Kamel Daoud. C’est à l’école que se décide la reproduction du mal ou sa défaite

Ils veulent contrôler l’école, ou pire, la détruire

La mémoire politique algérienne garde le souvenir d’une anecdote : lorsque les islamistes ont compris, au début des années 1990, à la veille de la guerre civile, qu’ils ne pouvaient accéder au pouvoir à Alger, ils ont négocié l’accès à deux portefeuilles dans les gouvernements à venir. Il s’agissait de l’Éducation et de la Justice : l’école et la prison. Des décennies plus tard, leur mainmise sur ces deux institutions est totale et leur emprise décide de presque tout, du verdict du juge au manuel scolaire. 

Le Maghreb a basculé sous leur ordre par ces deux voies royales. Dès cette époque, leur intuition avait saisi l’essentiel : contrôler l’école, c’est contrôler l’avenir et fabriquer l’islamiste de demain qui remplacera le vaincu d’hier. Aujourd’hui, c’est en France que ce jeu se rejoue, mais avec un plus grand savoir-faire. C’est dans ce pays que la vague de conquête tente l’impensable : contrôler l’école ou, pire, la détruire. Y créer la scission, la division, le chaos créateur d’opportunités, l’affirmation de l’identité sécessionniste, y déplacer la guerre. C’est dans l’école française que la France de demain se joue. 

Depuis la dernière rentrée scolaire, et juste après la grande révolte des femmes iraniennes qui ramènent, par leur sacrifice sidérant, la question du voile à la réalité du patriarcat et à la privation de libertés, la France est soumise à d’intenses provocations sur le front de ses écoles. Éloges de la confession relayés par les idiots utiles, les rancunes identitaires ou les grands avocats du communautaire, le voile et la revendication islamiste reviennent à la charge. Ils provoquent, fabriquent l’incident et donc la viralité sur les réseaux sociaux, assignent en justice encore et encore la laïcité, obligée de se justifier et de se redéfinir sans fin, et se rallient aux rangs un moment dispersés par le « choc iranien ». 

Arraché par les Iraniennes, le voile est à sauver par les islamistes en France et en Europe. C’est un enjeu d’uniforme et d’uniformisation qu’il ne faut surtout pas perdre pour ces acteurs majeurs. Et c’est ici que se révèle l’essentiel : l’école, c’est l’avenir du totalitarisme confessionnel et de l’islamisme, ou sa fin. C’est en ce lieu que se décide la reproduction du mal ou sa défaite. On y fabrique le dissident ou l’égorgeur missionné, le citoyen ou le djihadiste, le Français ou son contraire. Et aujourd’hui, c’est l’école qui devrait occuper les esprits, pas la France du carburant ou celle de la Nupes, car ce ne sont parfois que des divergences creusées par la peur, la colère ou la manipulation.

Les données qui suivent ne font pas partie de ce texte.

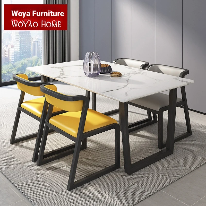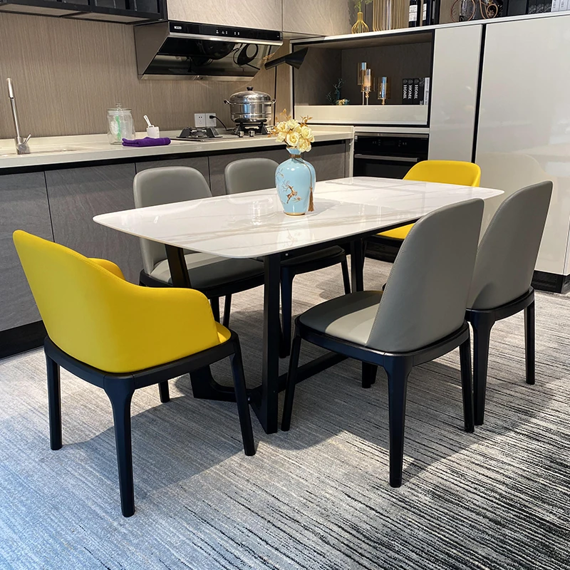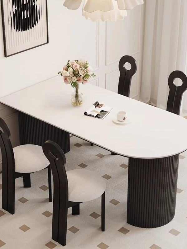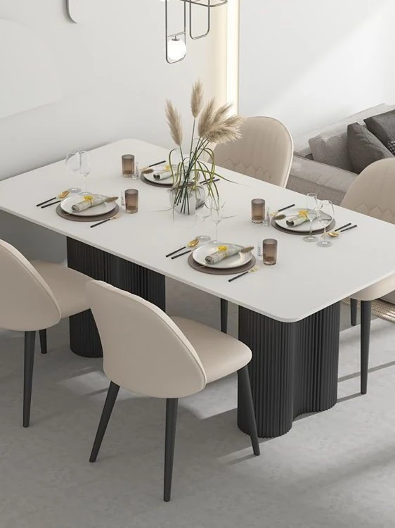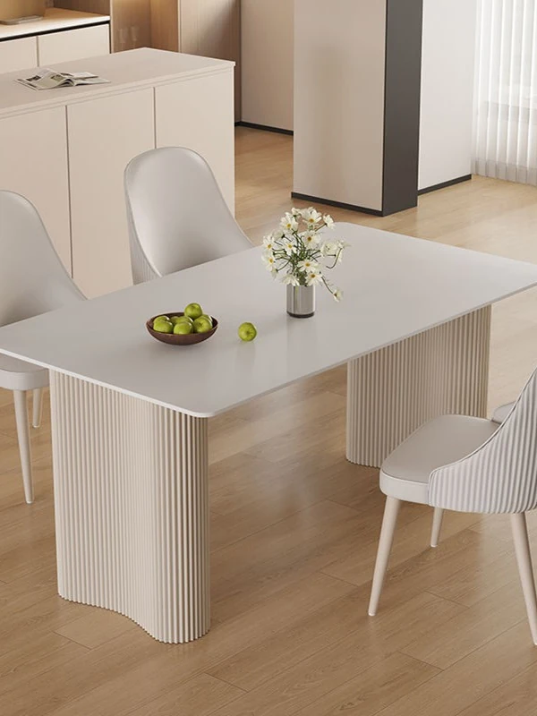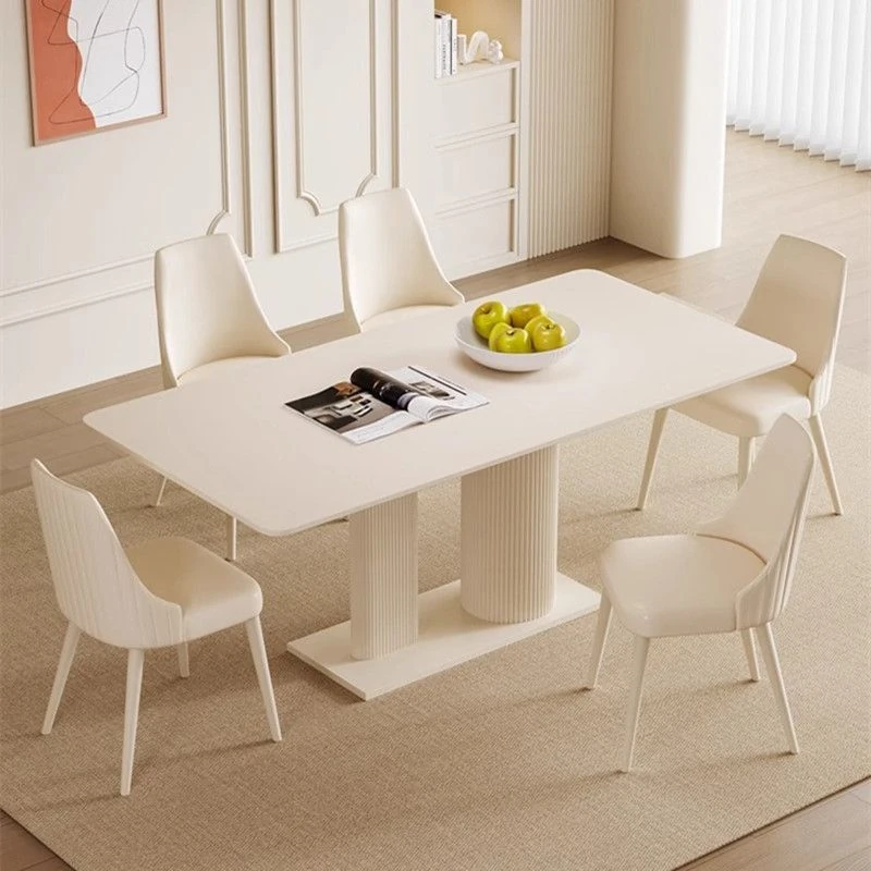 Creamy White Rock Plate Dining Table - 2024 New Rectangular Design for Small Spaces, Modern Minimalist Style with Elegant Chairs - Perfect for Your Home!

C’est l’école qui est au front de l’avenir. C’est Paty, pas Mélenchon, qui incarne le futur et son angoissante perspective. La France ne subit pas cet assaut uniquement au cœur de ses écoles ou de ses villes, mais partout dans le monde où la colonisation, la coopération ou la présence militaire et l’histoire françaises ont laissé des traces. Au Mali, en Tunisie, au Burkina ou en Algérie, elle se retrouve chargée des grands maux et des rancunes à chaque rupture politique autochtone, à chaque crise, à chaque dérive ou coup d’État.

On laissera aux historiens le soin de juger l’histoire du lien de la France avec ces pays, retenant juste les calendriers de la colère, ses mots, ses banderoles ou ses hystéries. Partout en ces lieux, la France est aujourd’hui considérée comme l’incarnation du mal et coupable sans appel du fait colonial que de nouveaux ordres mondiaux, en Afrique, tentent de manipuler pour raviver les haines, consolider les rejets et s’octroyer des territoires. Ce pays, qu’aiment détester depuis peu islamistes, néo-impérialistes russes et turcs ou décoloniaux aigris, se retrouve pris d’assaut par tous et il est chargé de réunir ceux que rien ne réunit autour d’un projet. Aujourd’hui, c’est sous prétexte d’histoire que les géographies changent de main. 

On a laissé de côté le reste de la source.